如何将csv转换成apache beam数据流中的字典 [英] How to convert csv into a dictionary in apache beam dataflow

查看：206 发布时间：2018/5/7 17:21:50 python csv dictionary google-bigquery apache-beam

本文介绍了如何将csv转换成apache beam数据流中的字典的处理方法，对大家解决问题具有一定的参考价值，需要的朋友们下面随着小编来一起学习吧！

问题描述

我想读取一个csv文件并使用apache beam数据流将其写入BigQuery。为了做到这一点，我需要以字典的形式将数据呈现给BigQuery。我怎样才能转换数据使用Apache梁为了做到这一点？

我的输入csv文件有两列，我想在BigQuery中创建一个后续的两列表。我知道如何在BigQuery中创建数据，这是直接的，我不知道如何将csv转换为字典。
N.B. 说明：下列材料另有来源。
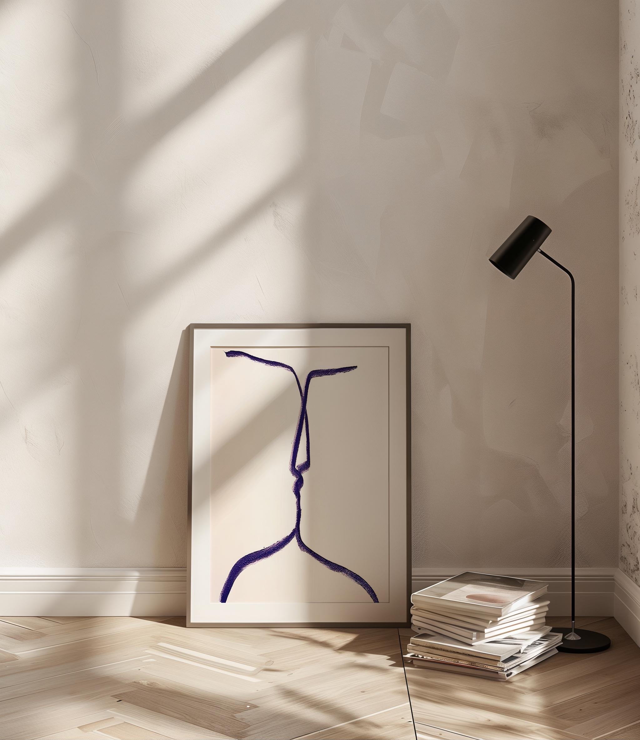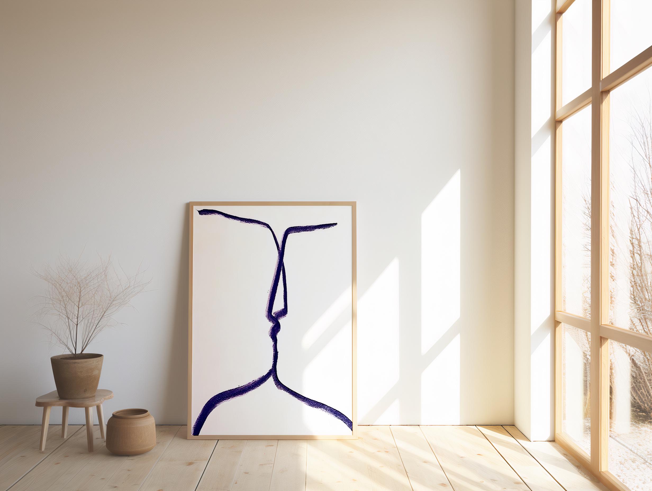 Digital Download | This is a digital download of a simple yet powerful abstract line drawing. The continuous, flowing line creates the delicate silhouettes of two faces leaning in for a kiss. The minimalist design in a beautiful blue-purple hue against a clean white background makes this piece both modern and deeply romantic.
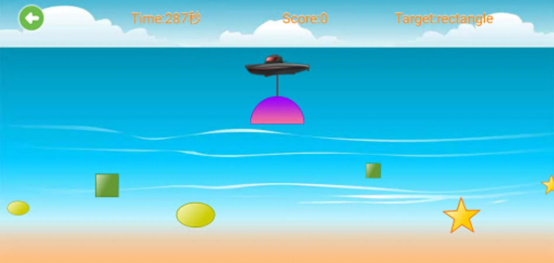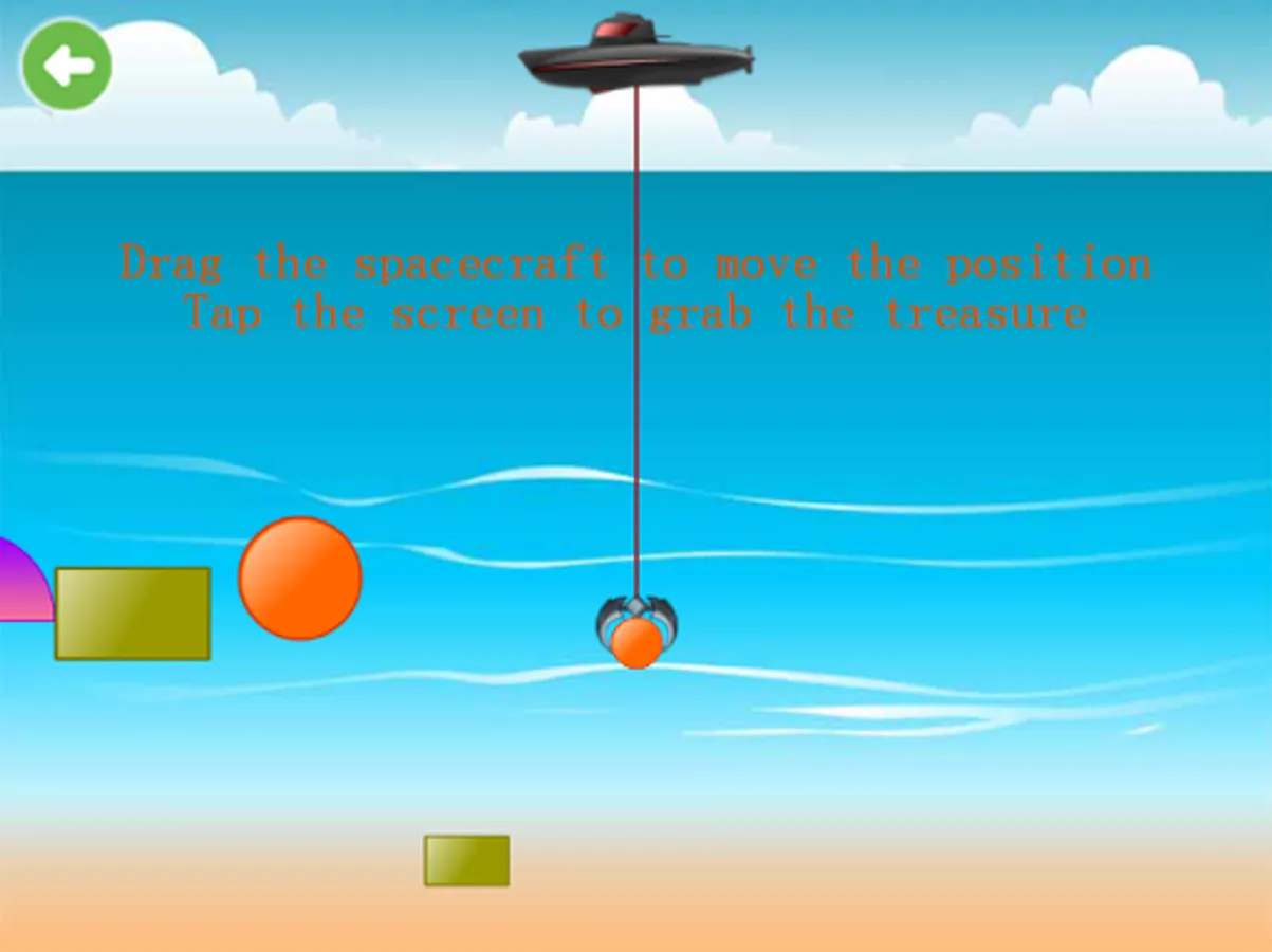 Children need to drag the spacecraft to grab treasures of different shapes. In the test mode, they need to grab the treasures of the specified shape. If you make a mistake, you will be deducted.
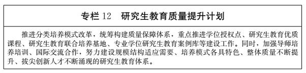 推进研究生分类培养。加强研究生创新创业能力、现代信息技术、科学与人文精神、全球思维的培养。学术学位研究生突出学术素养和创新能力素养,专业学位研究生突出职业能力和实践能力培养,使学术型与专业学位教育协调发展、特色鲜明、各成体系。加大研究生教育创新计划支持力度,实施研究生教育质量提升计划。
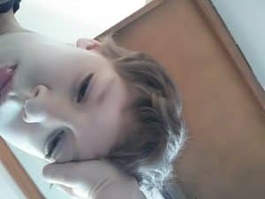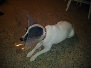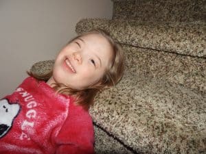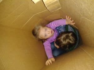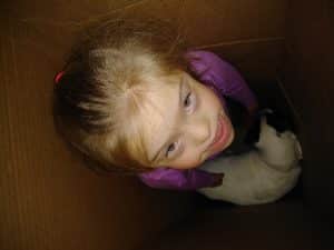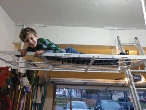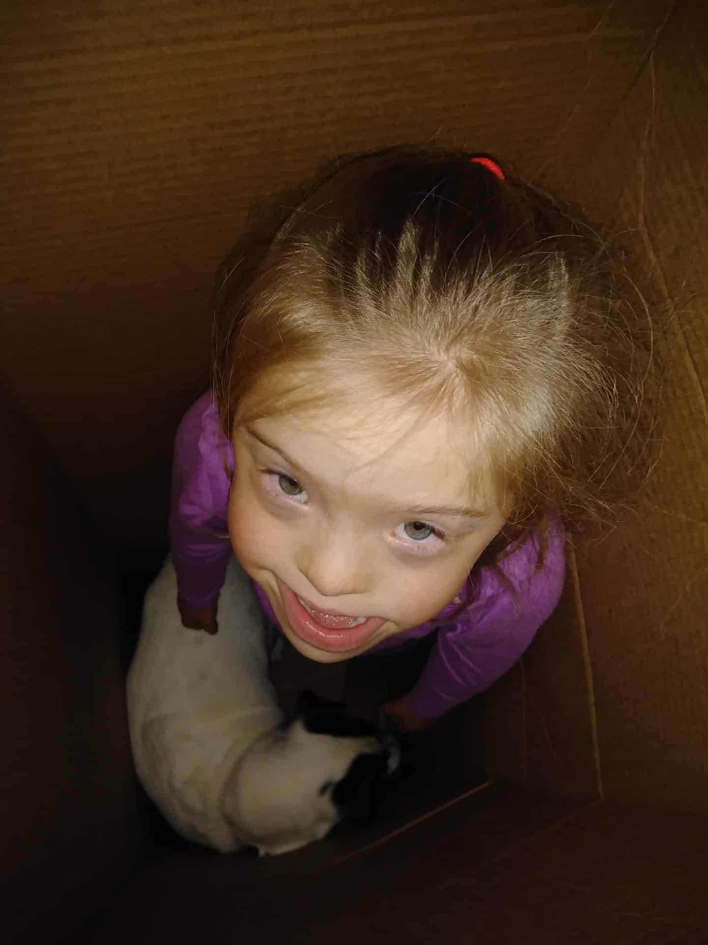 Jenna on the stairs, Grant on the stairs, Jenna and Dad clowning around, Lucy wearing the cone (because she had a leg sore she wouldn’t leave alone), Grant selfie, Jenna and Lucy in a cardboard box, Jenna and Grant in the box, Grant testing out the ceiling-mounted storage shelves in the garage, and Nate celebrating Purple Shirt Thursday.
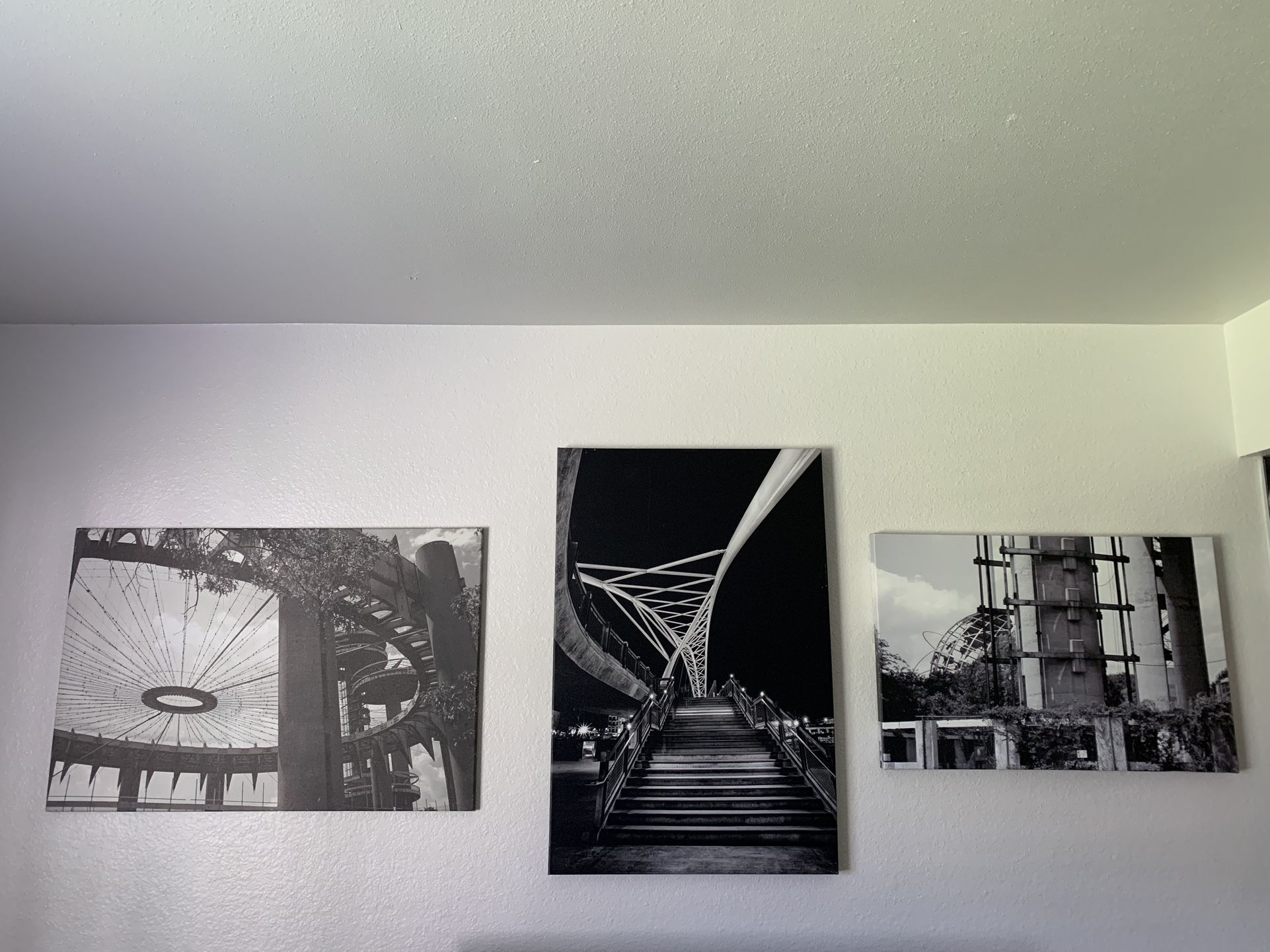 Black and White photographs on canvas. Have had them for a while but they wont be making my next move. Some wear-and-tear (see photo) but overall, pretty cool pieces for an apartment or office room. (All 3 for $25–willing to negotiate price for individual photos). Dimensions: 1.5” x 20” x 30” 1.5” x 24” x 36” 0.75” x 36” x 24”
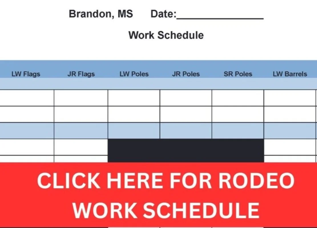 WORK SCHEDULE sign-up sheet is posted outside the office door at 8:00 AM on Saturday morning for the next months rodeo. The text in line will open on the MONDAY of the week of the rodeo at 6:00 A.M. for any remaining spots not filled at the previous rodeo. You will text into Shay Pinter at 601-416-4873 with your name and the event you want to work. When texting in, you are signing up for both Saturday and Sunday’s rodeo unless you specify to her one day only. Remember to read above guidelines…you will be fined and not earn state points if you do not show up for what you sign up for!

下面的代码是不正确的，但应该知道我在做什么。

 ＃标准进口
将apache_beam导入为beam 
＃创建一个在直接运行器（本地，非云）上执行的管道。 
 p = beam.Pipeline（'DirectPipelineRunner'）
＃使用名称创建一个PCollection并将其写入文件。 
（p 
 |'read solar data'>> beam.Read（beam.io.TextFileSource（'./ sensor1_121116.csv'））
＃你如何做到这一点？ ？
 |'convert to dictionary'>> beam.Map（lambda（k，v）：{'luminosity'：k，'datetime'：v}）
 |'save'> > beam.Write（
 beam.io.BigQuerySink（
 output_table，
 schema ='month：INTEGER，tornado_count：INTEGER'，
 create_disposition = beam.io.BigQueryDisposition。 CREATE_IF_NEEDED，
 write_disposition = beam.io.BigQueryDisposition.WRITE_TRUNCATE）））
 p.run（）

解决方案

这个想法是有一个返回解析的CSV行的源代码。您可以通过继承 FileBasedSource 类来包含CSV解析来完成此操作。特别是， read_records 函数看起来像这样：

  class MyCsvFileSource （apache_beam.io.filebasedsource.FileBasedSource）：
 def read_records（self，file_name，range_tracker）：
 self._file = self.open_file（file_name）
 
 reader = csv。 reader（self._file）
 
 for rec in reader：
 yield rec

我最近为Apache Beam编写了一个 CsvFileSource 。您可以查看 Github存储库。您可以使用beam_utils.sources中的 pip install beam_utils 和导入CsvFileSource 来使用它。 CsvFileSource 还包括设置自定义分隔符，跳过文件标题和/或输出字典而不是列表的选项。

I would like to read a csv file and write it to BigQuery using apache beam dataflow. In order to do this I need to present the data to BigQuery in the form of a dictionary. How can I transform the data using apache beam in order to do this?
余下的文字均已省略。